Goal of the exercise:
Exercise in exact copying: restate word for word only the lines below from the one containing "ふすま、障子、ドア、布団たくさん、を午前午後に分けて積み込みました。" through the one containing "Finish Fluted Glass", omitting any pictures.

Records to process:

⁂

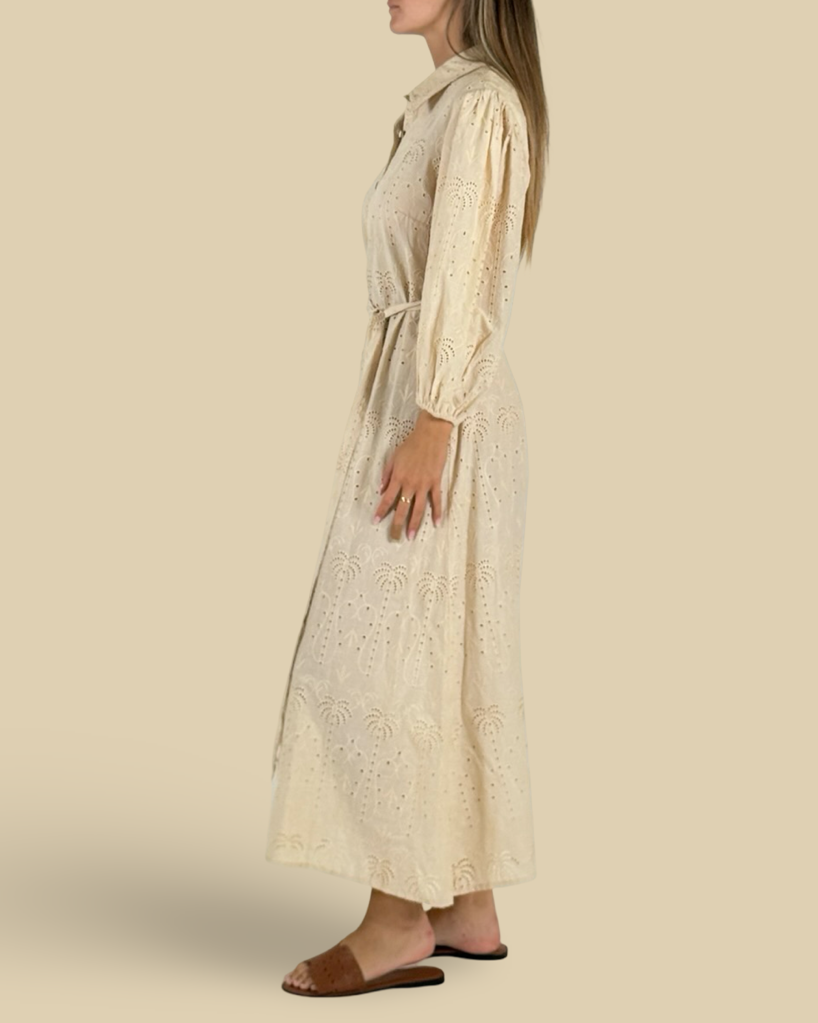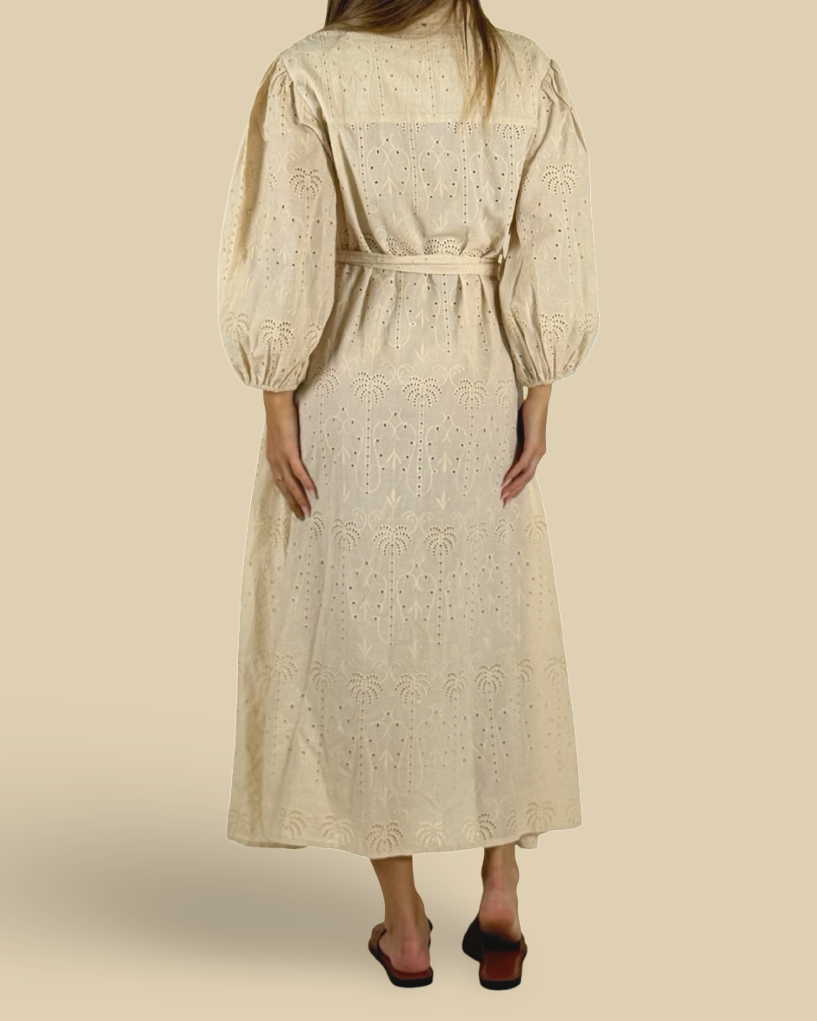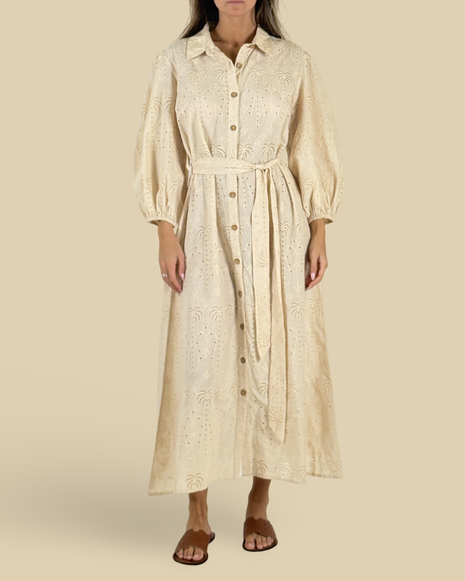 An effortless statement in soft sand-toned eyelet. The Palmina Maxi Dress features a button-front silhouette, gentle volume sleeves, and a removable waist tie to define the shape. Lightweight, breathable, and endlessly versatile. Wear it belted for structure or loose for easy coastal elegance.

⁂

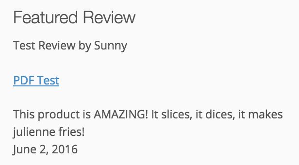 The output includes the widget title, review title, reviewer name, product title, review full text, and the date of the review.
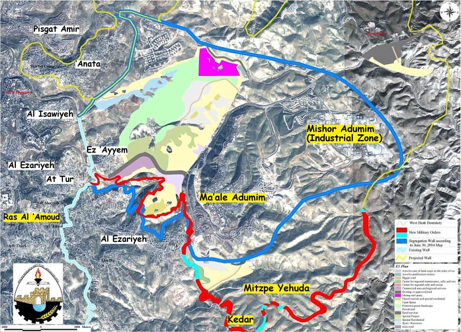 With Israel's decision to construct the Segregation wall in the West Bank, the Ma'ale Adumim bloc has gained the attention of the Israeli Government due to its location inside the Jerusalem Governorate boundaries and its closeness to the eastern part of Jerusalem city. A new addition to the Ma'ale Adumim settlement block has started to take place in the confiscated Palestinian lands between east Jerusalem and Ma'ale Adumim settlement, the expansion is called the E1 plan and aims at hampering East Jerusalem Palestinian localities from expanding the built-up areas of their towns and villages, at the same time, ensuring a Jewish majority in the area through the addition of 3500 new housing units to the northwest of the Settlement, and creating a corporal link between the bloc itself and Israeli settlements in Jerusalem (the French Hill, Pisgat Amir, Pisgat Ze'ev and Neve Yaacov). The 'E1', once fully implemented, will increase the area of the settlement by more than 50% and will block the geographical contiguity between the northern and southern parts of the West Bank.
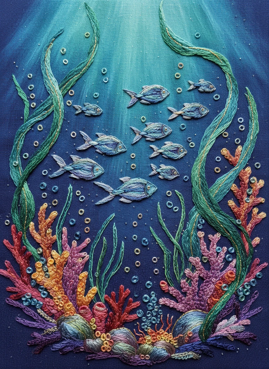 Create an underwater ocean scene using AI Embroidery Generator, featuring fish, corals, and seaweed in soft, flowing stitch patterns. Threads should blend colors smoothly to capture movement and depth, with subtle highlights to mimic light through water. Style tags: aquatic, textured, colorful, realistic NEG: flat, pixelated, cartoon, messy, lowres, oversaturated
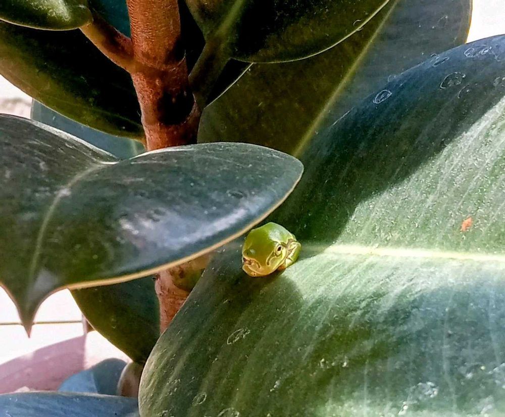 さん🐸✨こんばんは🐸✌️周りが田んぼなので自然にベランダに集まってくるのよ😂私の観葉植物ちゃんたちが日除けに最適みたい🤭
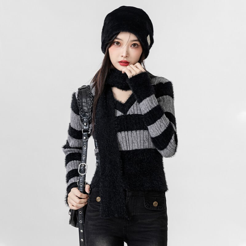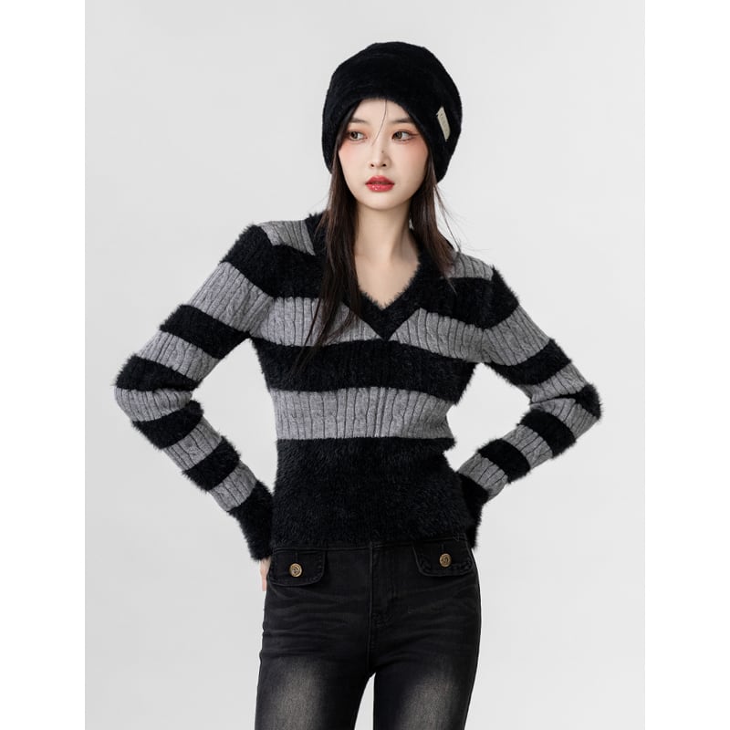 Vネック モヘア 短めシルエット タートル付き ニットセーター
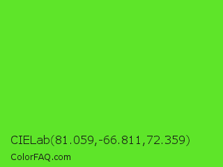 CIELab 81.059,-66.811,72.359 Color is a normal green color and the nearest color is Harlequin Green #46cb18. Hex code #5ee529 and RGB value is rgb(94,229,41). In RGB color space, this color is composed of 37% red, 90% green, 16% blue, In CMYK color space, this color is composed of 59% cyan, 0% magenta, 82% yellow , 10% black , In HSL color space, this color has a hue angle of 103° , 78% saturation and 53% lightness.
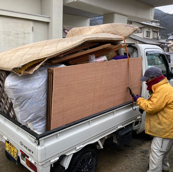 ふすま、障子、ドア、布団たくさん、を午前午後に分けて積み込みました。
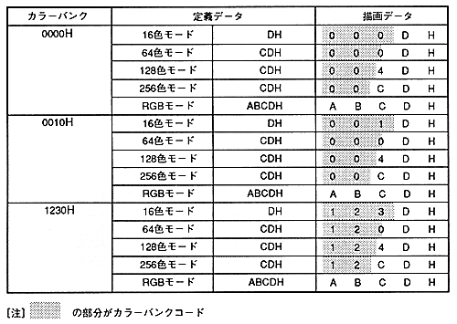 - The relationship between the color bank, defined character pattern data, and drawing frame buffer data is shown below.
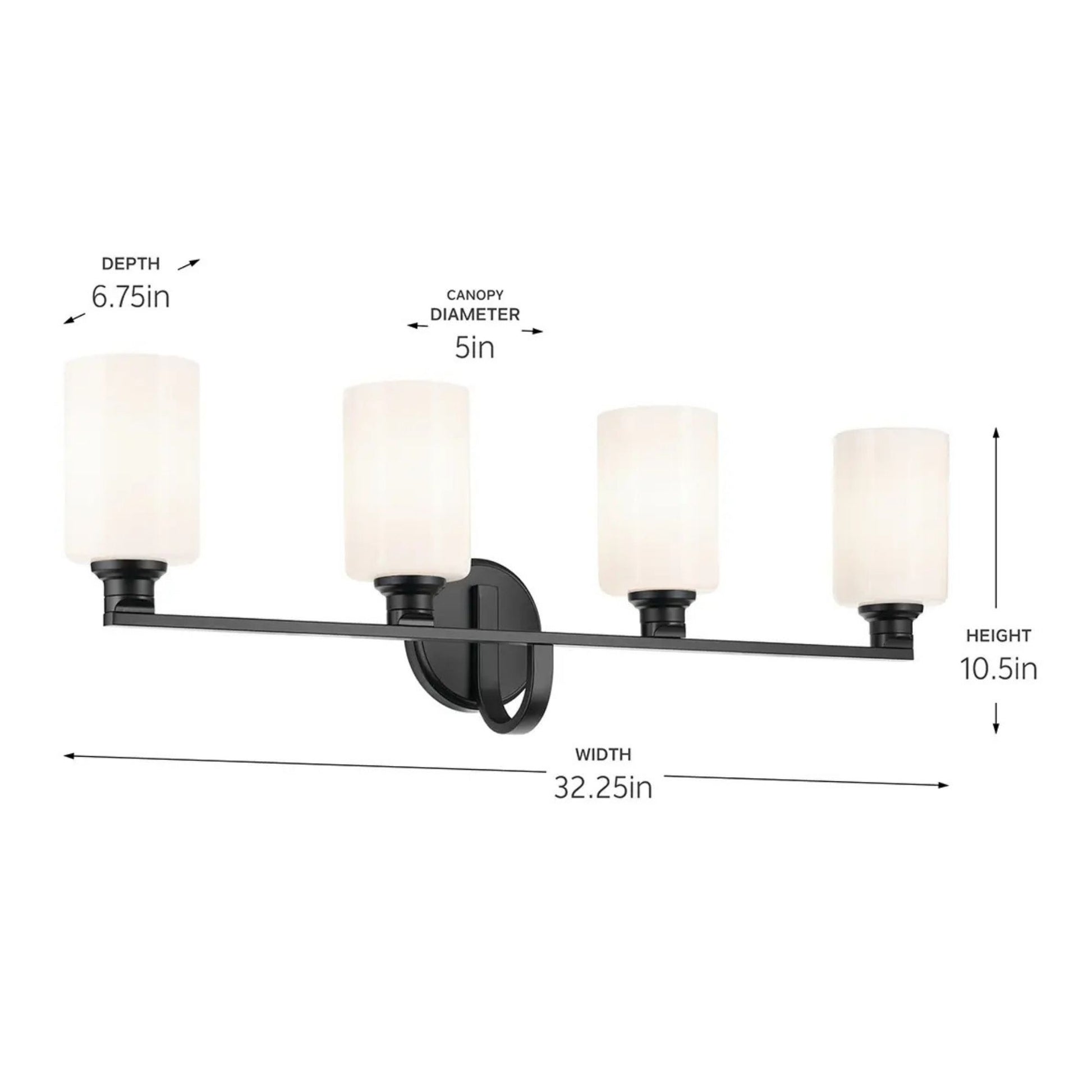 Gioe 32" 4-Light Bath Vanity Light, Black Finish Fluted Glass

⁂

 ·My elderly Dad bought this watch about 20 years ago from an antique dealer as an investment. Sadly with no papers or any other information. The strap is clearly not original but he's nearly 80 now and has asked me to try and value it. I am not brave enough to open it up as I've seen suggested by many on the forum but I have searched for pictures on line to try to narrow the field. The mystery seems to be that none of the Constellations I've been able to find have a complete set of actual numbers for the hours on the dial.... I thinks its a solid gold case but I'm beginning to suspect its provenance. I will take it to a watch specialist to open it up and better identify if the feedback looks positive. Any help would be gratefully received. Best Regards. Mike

⁂

Task response:
 ふすま、障子、ドア、布団たくさん、を午前午後に分けて積み込みました。
 - The relationship between the color bank, defined character pattern data, and drawing frame buffer data is shown below.
 Gioe 32" 4-Light Bath Vanity Light, Black Finish Fluted Glass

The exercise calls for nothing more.